• Information supplied
========================================
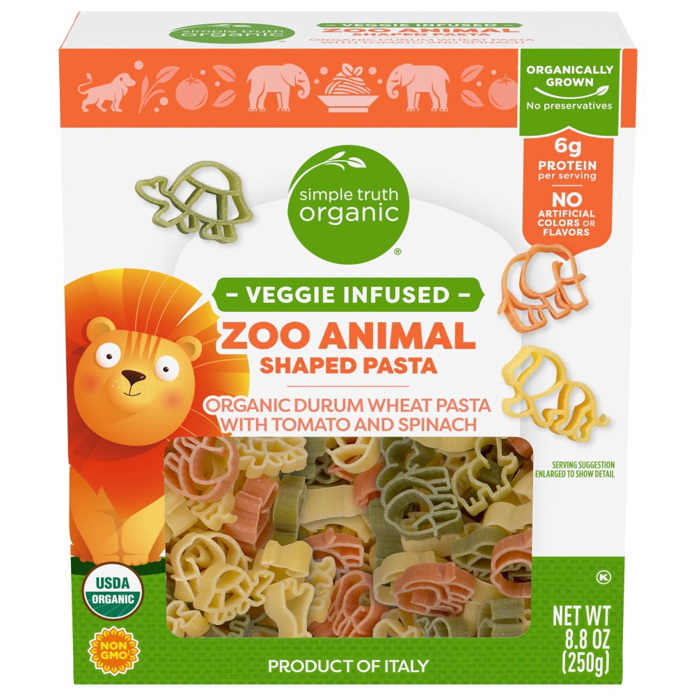 Simple Truth Organic® Veggie Infused Zoo Animal Shaped Pasta is crafted from organic durum wheat pasta with tomato and spinach. With 6g protein per serving, this pasta is also USDA organic and non-GMO…
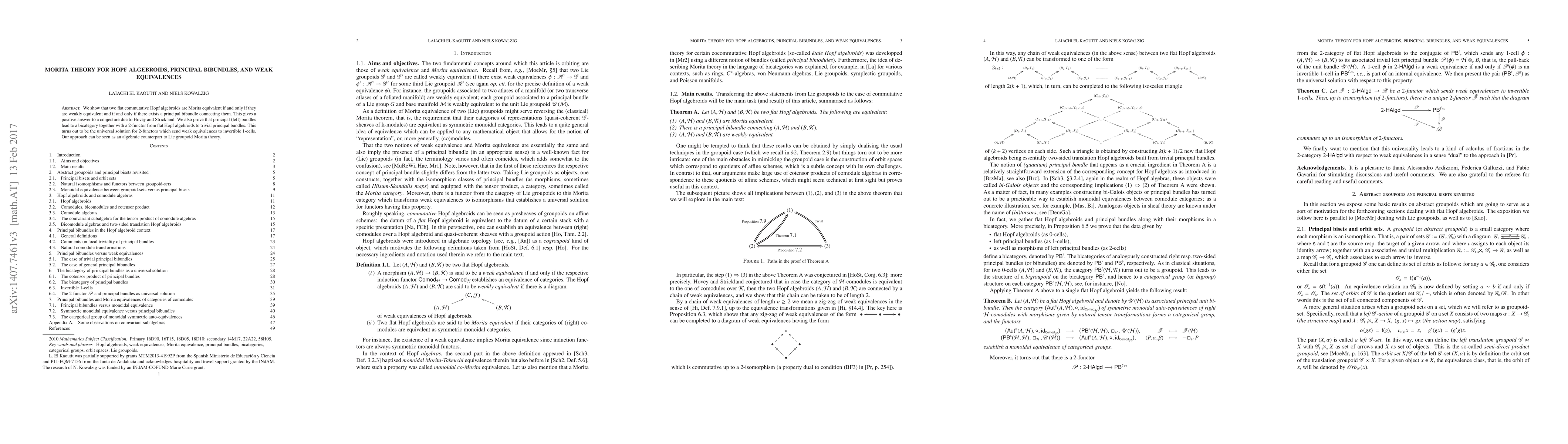 This paper establishes a connection between Morita equivalence of flat commutative Hopf algebroids and weak equivalences, showing they are equivalent if there exists a principal bibundle linking them. It also constructs a bicategory from principal bundles and proves it is the universal solution for 2-functors mapping weak equivalences to invertible 1-cells.
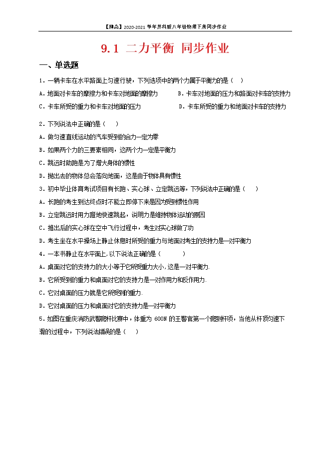 所属专辑: 【精品】2020-2021学年苏科版八年级物理下册同步备课课件与作业
========================================
• Exercise brief
Write the full listing out again with every line unchanged, but include no pictures.

• Problem solution
 Simple Truth Organic® Veggie Infused Zoo Animal Shaped Pasta is crafted from organic durum wheat pasta with tomato and spinach. With 6g protein per serving, this pasta is also USDA organic and non-GMO…
 This paper establishes a connection between Morita equivalence of flat commutative Hopf algebroids and weak equivalences, showing they are equivalent if there exists a principal bibundle linking them. It also constructs a bicategory from principal bundles and proves it is the universal solution for 2-functors mapping weak equivalences to invertible 1-cells.
 所属专辑: 【精品】2020-2021学年苏科版八年级物理下册同步备课课件与作业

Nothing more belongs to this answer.